The phrase “if any man have a quarrel” is honest. It means friendship must survive friction. The Christian path during conflict is not escalation, gossip, or silent punishment. Instead, it’s forbearing—meaning patience, restraint, and the willingness to absorb wrong without immediate retaliation. Then it’s forgiving—choosing grace over bitterness.
“Forbearing and forgiving” doesn’t suggest that every disagreement is identical or that boundaries don’t matter. But it does mean that your attitude and response can remain Christlike. You refuse to let a moment of offense become a permanent wall.
Again, the standard is Christ: “even as Christ forgave you.” The gospel trains us to respond from mercy outward. If Christ forgave you, you can forgive your friend.
When you practice this, your friendships become places where people can heal. It also protects your heart. Unforgiveness may feel like strength, but scripture treats it as spiritual damage. Forgiveness, by contrast, is strength under God’s direction.
Practical ways to live out these verses today
To apply what these scriptures teach, focus on small choices that reflect Christ’s love. Here are concrete steps.
First, practice bearing burdens by identifying one specific need you can share. Send a message that actually helps (“I’m praying for you today,” “Would you like company this evening?”). If a friend is carrying a heavy situation, ask what support would be most useful, then follow through.

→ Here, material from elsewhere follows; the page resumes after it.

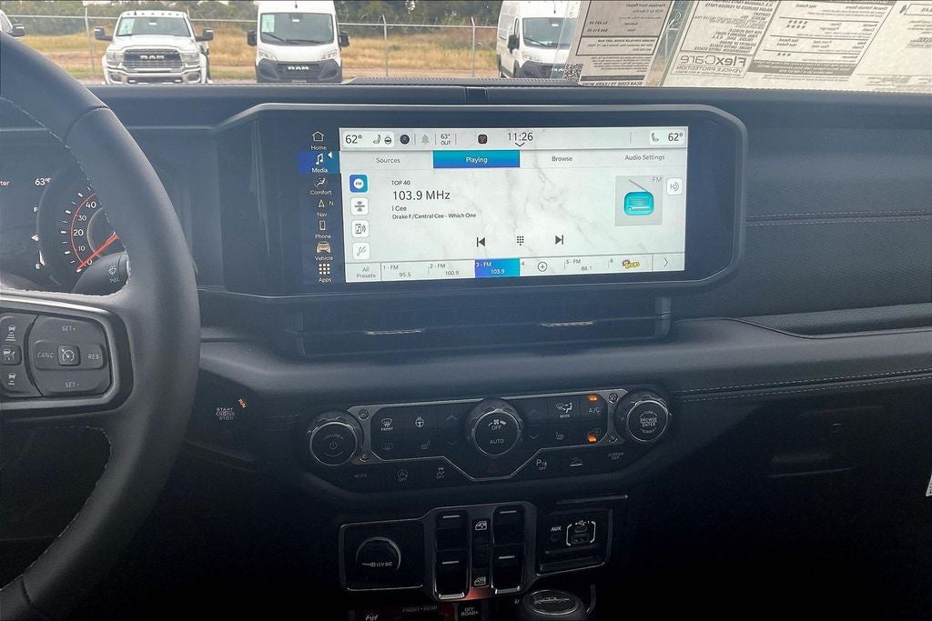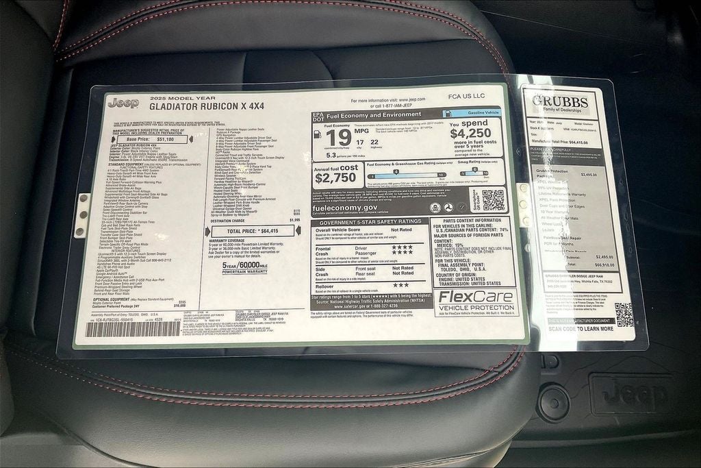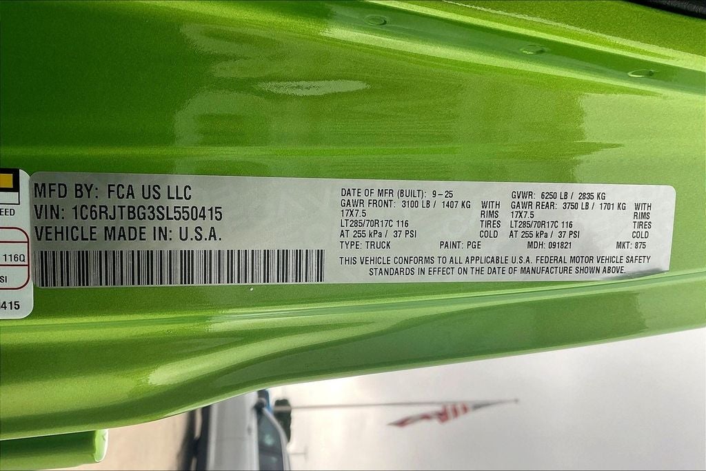 2025 Jeep Gladiator Rubicon 4D Crew Cab Rubicon Mojito 4WD 8-Speed Automatic 3.6L V6 24V VVT 4G LTE Wi-Fi Hot Spot, Air Conditioning, Alexa Built-In, Alpine Premium Audio System, Apple CarPlay, Auto High Beam Headlamp Control, Auto-Dimming Rear-View Mirror, Automatic temperature control, Blind Spot & Cross Path Detection, Bluetooth® Wireless Speaker, Body Color 3-Piece Hard Top, Body Color Rubicon Highline Flare, Cloth Low-Back Bucket Seats, Connected Travel & Traffic Services, Connectivity - US/Canada, Delay-off headlights, Electronic Stability Control, Freedom Panel Storage Bag, Front dual zone A/C, Front fog lights, Full Length Floor Console Premium Armrest, Fully automatic headlights, Google Android Auto, GPS Navigation, Heated Front Seats, Heated Steering Wheel, Integrated Off-Road Camera, Integrated Voice Command w/Bluetooth®, Leather Wrapped Park Brake Handle, Leather Wrapped Shift Knob, MOPAR Hardtop Headliner, ParkSense Rear Park Assist System, Power 4-Way Driver Lumbar Adjust, Power 4-Way Passenger Lumbar Adjust, Power Adjust 8-Way Driver Seat, Power Adjust 8-Way Front Passenger Seat, Power Adjust Nappa Leather Seats, Power steering, Power windows, Premium Door Trim Panel, Quick Order Package 24Y Rubicon X, Radio data system, Radio: Uconnect 5 Nav w/12.3 Display, Radio: Uconnect 5 w/12.3 Display, Rear Armrest w/Cupholder Seat, Rear Sliding Window, Rear Window Defroster, Remote keyless entry, SiriusXM Radio Service, SiriusXM w/360L, Steel Front Bumper, Steering wheel mounted audio controls, Universal Garage Door Opener, USB Host Flip.

Second, choose consistent kindness and tenderheartedness in everyday moments—especially when you feel annoyed. Make your tone gentle. Listen before you respond. If your friend is struggling, avoid minimizing their feelings. Instead, reflect compassion.
Third, respond to conflict with a forgiveness mindset. When you sense hurt, pause and pray before you speak. Then look for ways to practice forbearing and forgiving—even if the other person hasn’t figured everything out yet. A good start is to say, “I don’t want this to come between us.” If needed, propose a calm conversation rather than letting resentment grow.
Finally, remember that Christian friendship flows from the mercy you’ve received. As you extend grace, you’re participating in what God is doing in your own heart.
Ask God daily: “Help me be the kind of friend who shares burdens, gives kindness, and forgives like Christ.”
Frequently Asked Questions
What does the biblical meaning of a good friend look like according to Scripture?
The Bible describes a good friend as someone who actively supports others. It means bearing one another’s burdens and responding with kindness and tenderhearted forgiveness. When quarrels arise, Scripture calls for forbearance and forgiveness so relationships can heal.
How Christians should treat friends when someone is going through a tough time?
A Christian responds by sharing the load. Galatians 6:2: teaches believers to bear one another’s burdens. Practical support may include prayer, listening, and helpful assistance, reflecting Christ’s love through faithful presence.
What does Bible teaching on forgiving friends say when trust is hurt?
Scripture urges forgiveness as a response to God’s mercy. Ephesians 4:32: calls believers to be kind, tenderhearted, and forgiving even as God has forgiven them. Colossians 3:13: adds that forgiveness applies “if any man have a quarrel,” following Christ’s example.
How can I show **scripture guidance for friendship** when conflict happens?
Start with forbearance—patience and restraint—rather than escalating the dispute. Then choose forgiveness rather than holding resentment. Colossians 3:13: reminds believers to forbear and forgive even when there is a quarrel, just as Christ forgave.
A Short Prayer
Lord Jesus, thank You for forgiving us and for showing us what real friendship looks like. Teach us to bear one another’s burdens with compassion, to speak with kindness and tenderheartedness, and to forgive freely when hurts come. Where there is conflict, help us choose forbearance and restoration instead of bitterness. Make our relationships reflect Your love, so others see Your mercy through how we care for our friends. Amen.